Как припечатал. Или с маху вогнал последний гвоздь в крышку гроба. Моего, между прочим. А в нем мои надежды, моя вера и моя…
Ну блин! Перебьетесь!
— Свадьба отменяется, — холодно произнес я и, мстительно глядя на сразу оживившееся, довольное лицо князя, добавил: — Коль Мария во Пскове, стало быть, чрез три седмицы ей никак не успеть. Пока туда, пока обратно, да приданое собрать. Так и быть, перенесем на Рождество.
— К Христу поближе, — кивнул князь. — Ну и правильно. Она и сама такое желание изъявила.

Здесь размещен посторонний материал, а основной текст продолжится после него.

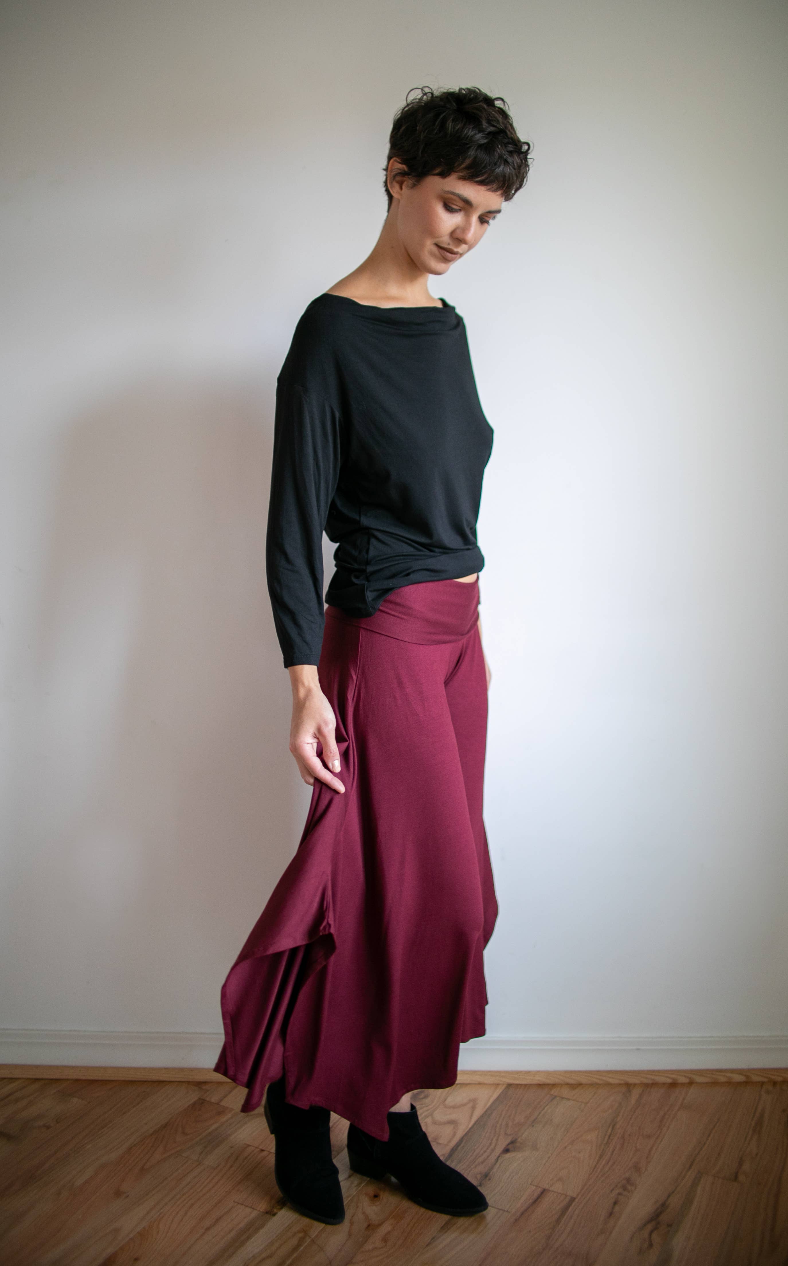 These ruched waistband wide-leg Gaucho pants are flattering to wear and elegant in design. A wide, flat band of slightly elasticized ruching gathers at the waist to create a stylish design detail and an attractive fit. The innovative design continues with a flared leg in diagonal styling and an open slit up the leg. Made from a deliciously soft fabric with wonderful stretch-and holds it shape well. Perfect for dance! Perfect for travel. Made from a deliciously soft fabric with wonderful stretch-and holds its shape well. This fabric is a very high-quality rayon lycra blend. Great attention to detail when creating each item guarantees long-lasting wear. When properly cared for, these clothes remain beautiful year after year. Care Instructions: Hand wash cold & hang to dry.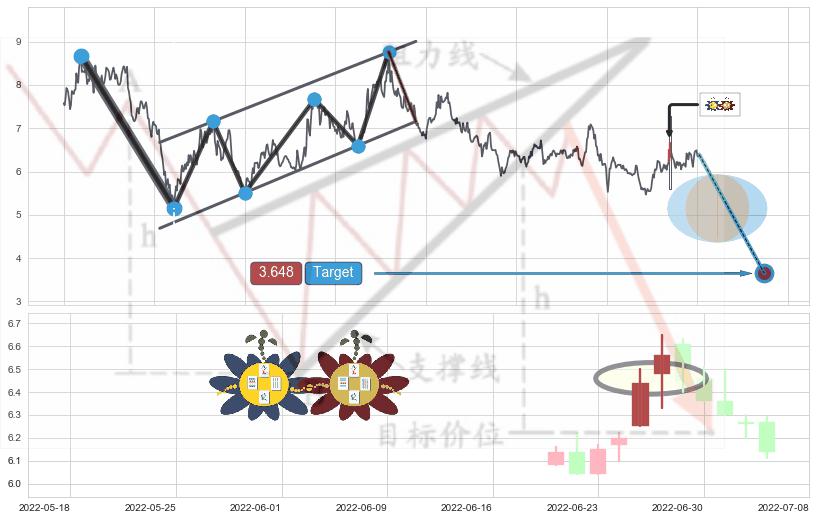 ➢ 收盘价(2022-07-07: 6.08 )→回踩→第一根k线高点(2022-06-24: 6.22 )

— Кто? Какое желание? — вновь не понял я, начиная все сильнее и сильнее злиться.
— Доча моя, княжна Мария Андревна, — терпеливо пояснил Долгорукий. — Сказывала-де, что заместо такой свадебки она лучше во Христовы невесты пойдет.
И вновь моя соображаловка отказала. С минуту, не меньше, я тупо взирал на князя, ожидая продолжения. Лишь потом «осенило», что Христова невеста — это монахиня. То есть получалось, она меня настолько возненавидела, что готова даже в келью, лишь бы не со мной под венец.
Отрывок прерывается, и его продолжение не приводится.